Hispanics have helped build the Miami we know today

If you visit a public place in Miami, you’re destined to hear people speaking Spanish.

Since Cuban dictator Fidel Castro assumed power in 1959, Cubans have been immigrating to Miami in massive quantities, trying to escape the atrocities committed by their government.

They’ve created communities such as Little Havana and Calle Ocho, in which they not only welcome outsiders into their culture but also stay connected to their roots.
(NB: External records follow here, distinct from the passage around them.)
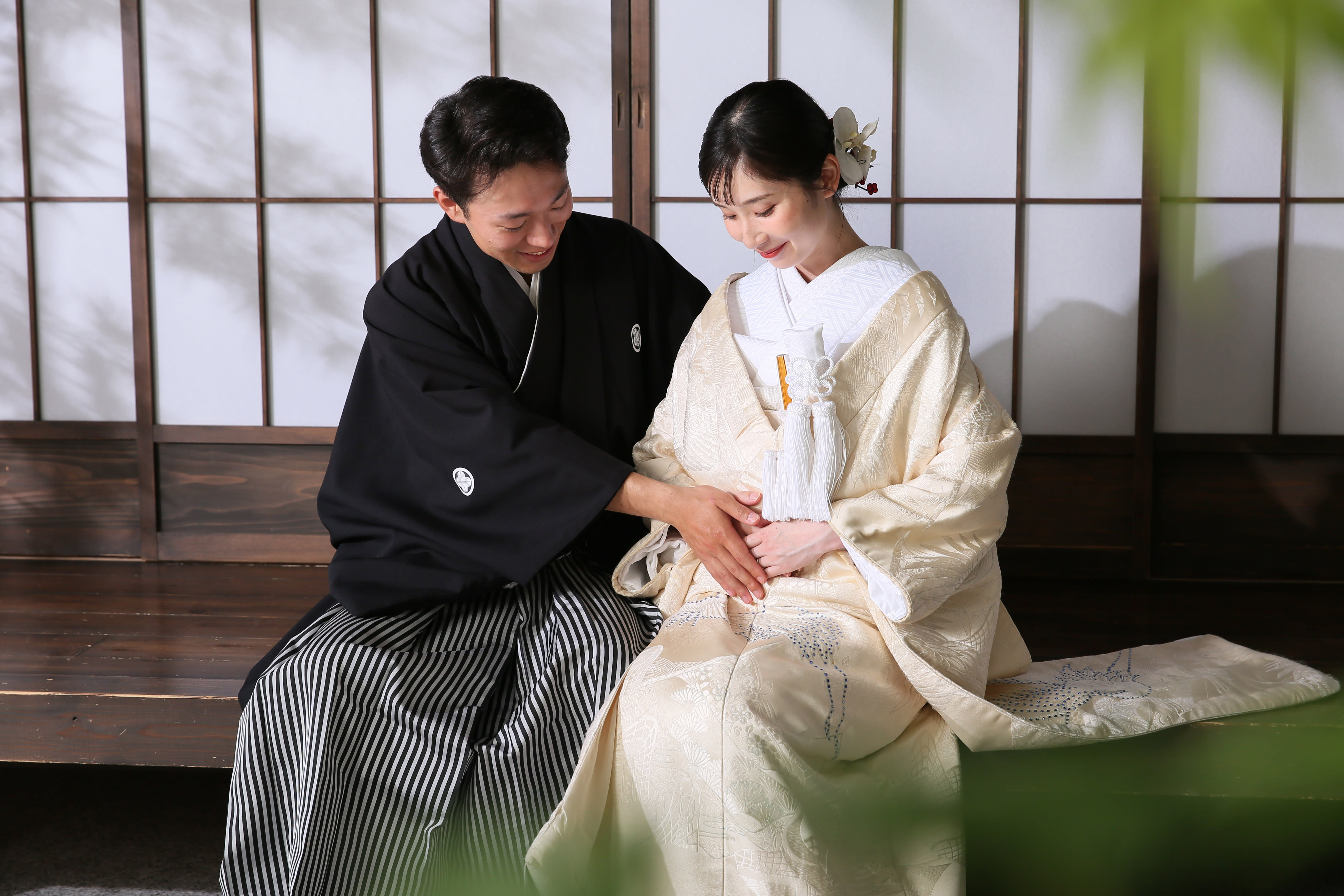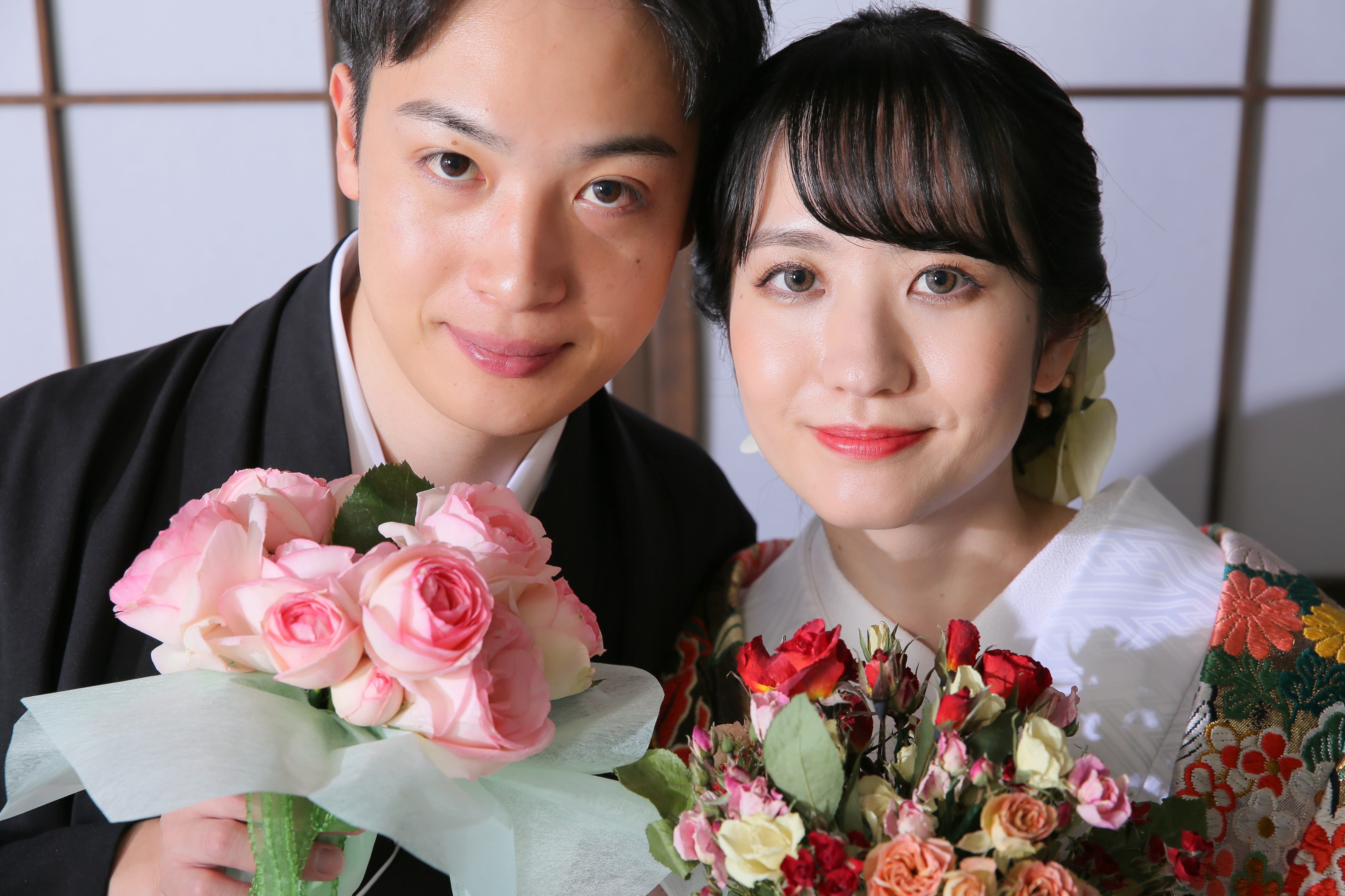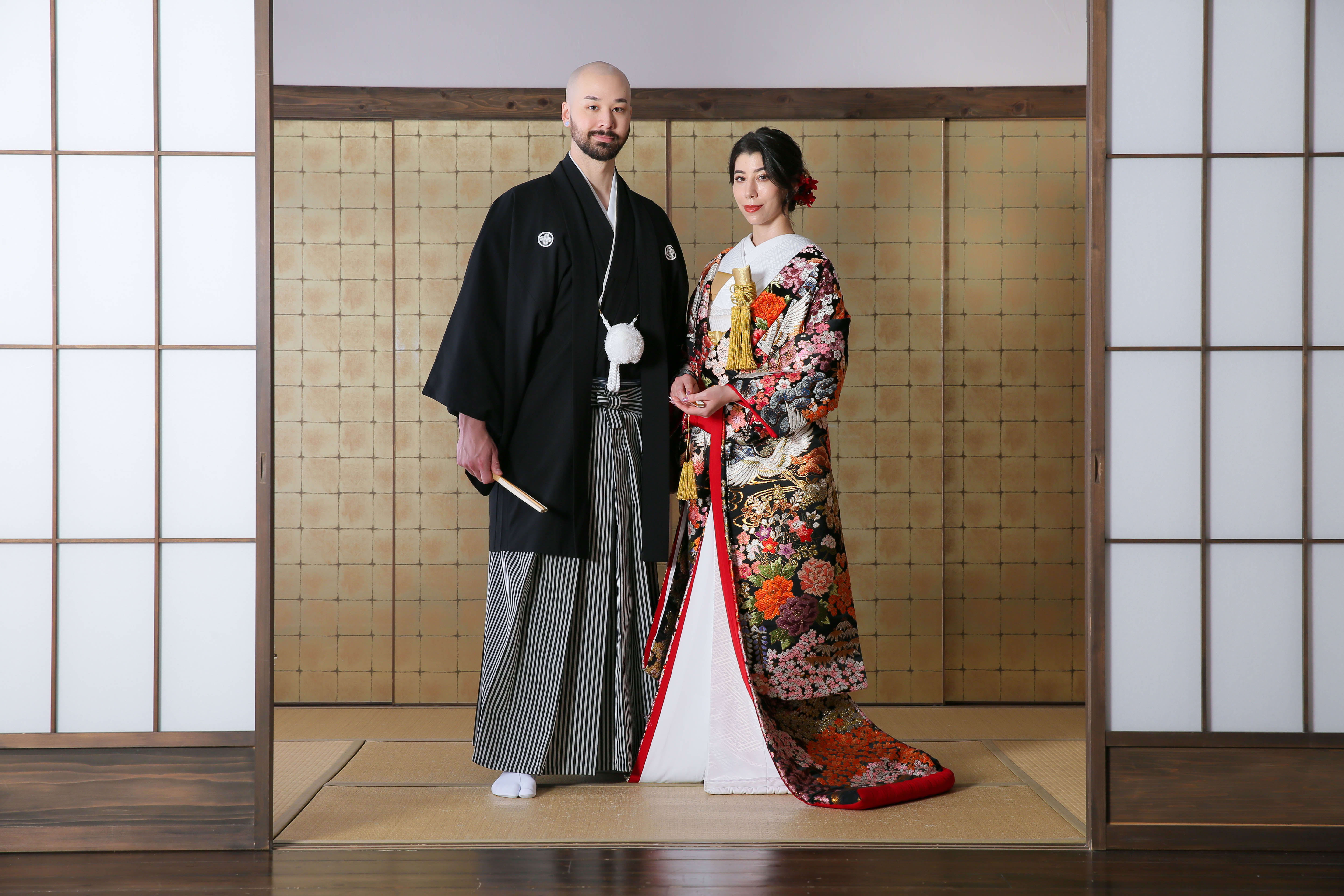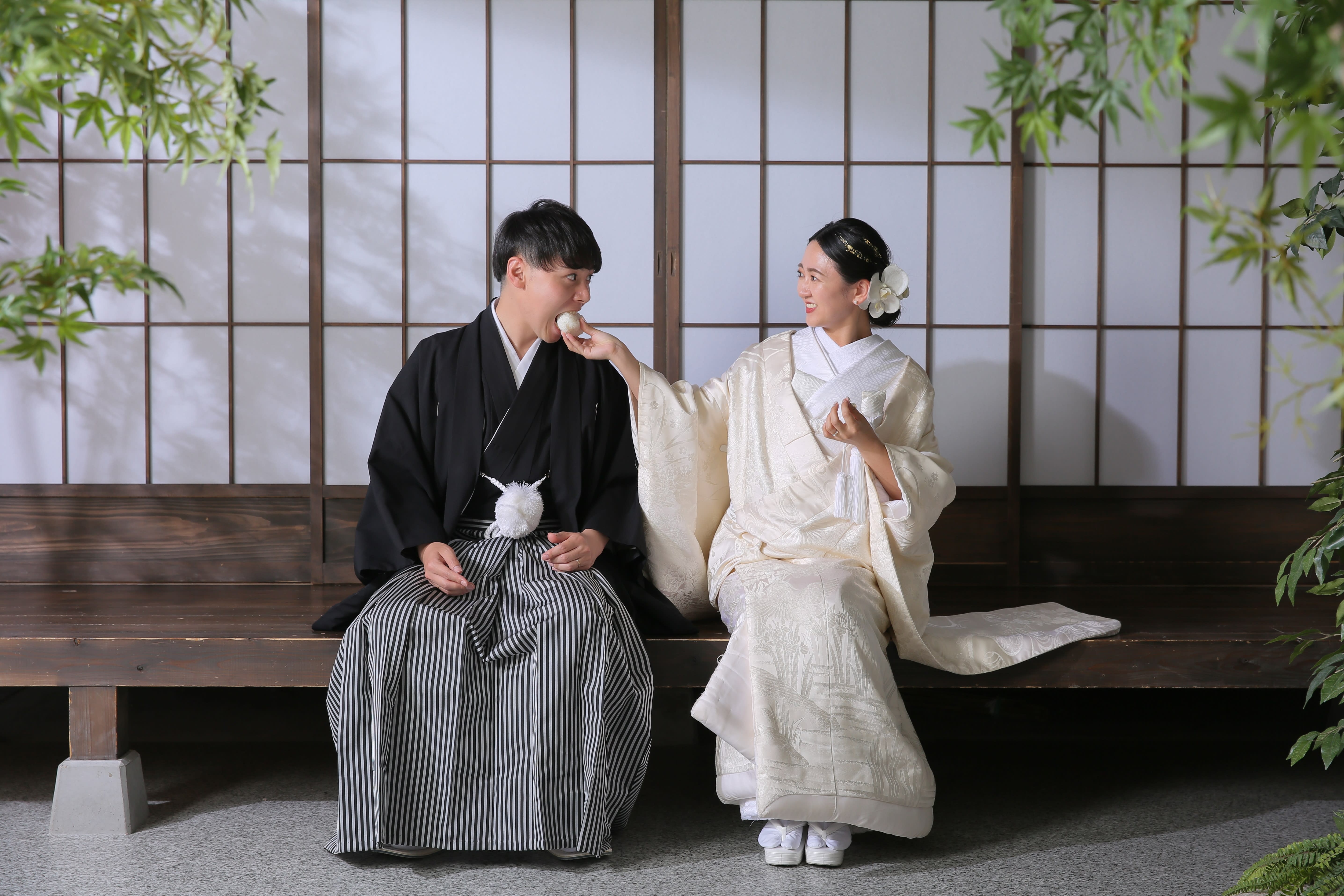 新宿店の本格的な茶室スタジオで撮影する、和装の結婚写真
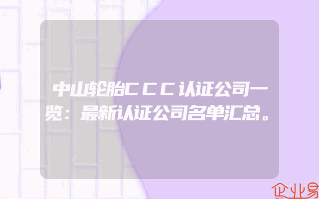 - 中山轮胎CCC认证公司一览:最新认证公司名单汇总。
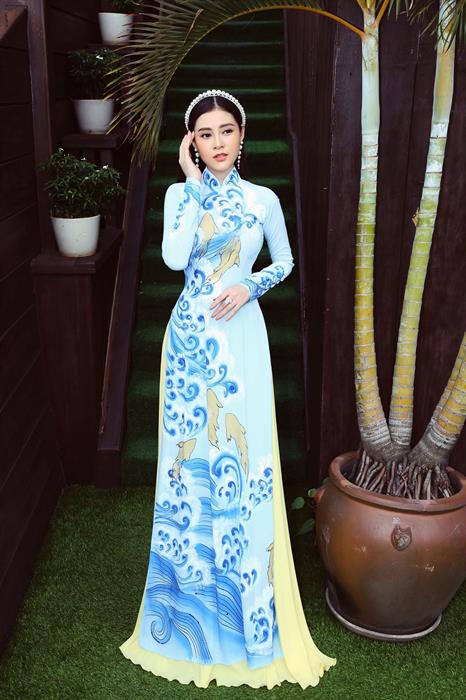 Trong bộ ảnh mới, Lý Kim Thảo tiếp tục thu hút sự quan tâm của khi tung trọn vẹn bộ ảnh áo dài độc đáo. Được biết những thiết kế mà nàng Á hậu diện trên người thuộc BST áo dài của NTK Tommy Nguyễn lấy cảm hứng từ đại dương với nền vải lụa mềm mại màu xanh nước biển. Sử dụng hình ảnh các loài sinh vật biển làm họa tiết, các mẫu áo dài này mang thông điệp bảo vệ môi trường, với mong muốn biển luôn xanh – sạch – đẹp.
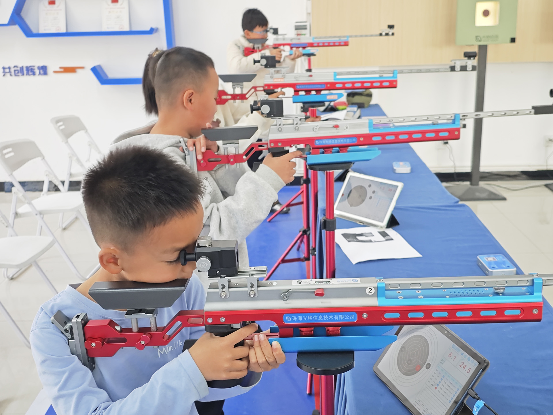 作为当下备受青少年青睐的新兴科技体育项目,光电射击全程无实弹操作,安全性极高。此次寒假班配备10米光电步枪、10米光电手枪两种专业训练设备,围绕射击基础设置系统化课程,让孩子们在绝对安全的环境中沉浸式体验射击运动的乐趣与魅力。

Similarly, immigrants from places like Venezuela, Honduras and Nicaragua, whose countries face political turmoil, have made Miami their home away from home.

In Miami-Dade County, 68.6 percent of the population is Hispanic, according to the U.S. Census.

With them, they bring beautiful traditions, culture and cuisine that make Miami one of the most sought out vacation spots in the world.

They also bring great businesses, which have caused Miami to rank eighth in annual business establishment growth, according to a study conducted by the Miami Urban Future Initiative.

Some of the successful businesses that have been started by immigrants in Miami are small, family owned and loved by Miamians from all walks of life.

One of the most admired is Vicky Bakery, which was opened in Hialeah after its owners Antonio and Gelasia Cao migrated to Miami over 50 years ago.

Without their brave journey to the U.S., we wouldn’t be able to enjoy an authentic Cafecito and Cuban sandwich at any time of the day.

Here at FIU, our student body resembles what the rest of our city looks like.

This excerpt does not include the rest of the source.